Gibberellic acid (also called gibberellin A3 or GA_{3}) is a hormone found in plants and fungi. Its chemical formula is C_{19}H_{22}O_{6}. When purified, it is a white to pale-yellow solid.

Plants in their normal state produce large amounts of GA3. It is possible to produce the hormone industrially using microorganisms. Gibberellic acid is a simple gibberellin, a pentacyclic diterpene acid promoting growth and elongation of cells.
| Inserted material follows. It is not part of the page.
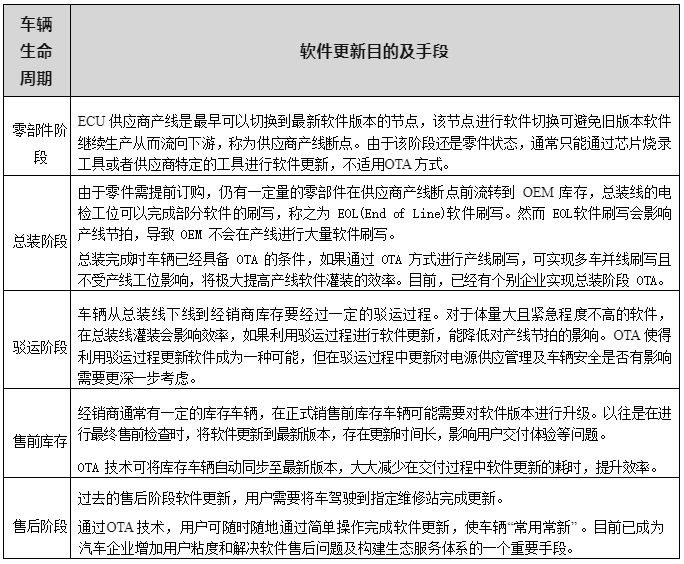 表 2-1 車輛生命周期維度的軟件更新應用

It affects decomposition of plants and helps plants grow if used in small amounts, but eventually plants develop tolerance to it. GA stimulates the cells of germinating seeds to produce mRNA molecules that code for hydrolytic enzymes. Gibberellic acid is a very potent hormone whose natural occurrence in plants controls their development. Since GA regulates growth, applications of very low concentrations can have a profound effect while too much will have the opposite effect. It is usually used in concentrations between 0.01 and 10 mg/L.

GA was first identified in Japan in 1926, as a metabolic by-product of the plant pathogen Gibberella fujikuroi (thus the name), which afflicts rice plants. Fujikuroi-infected plants develop bakanae ("foolish seedling"), which causes them to rapidly elongate beyond their normal adult height. The plants subsequently lodge due to lack of support, and die.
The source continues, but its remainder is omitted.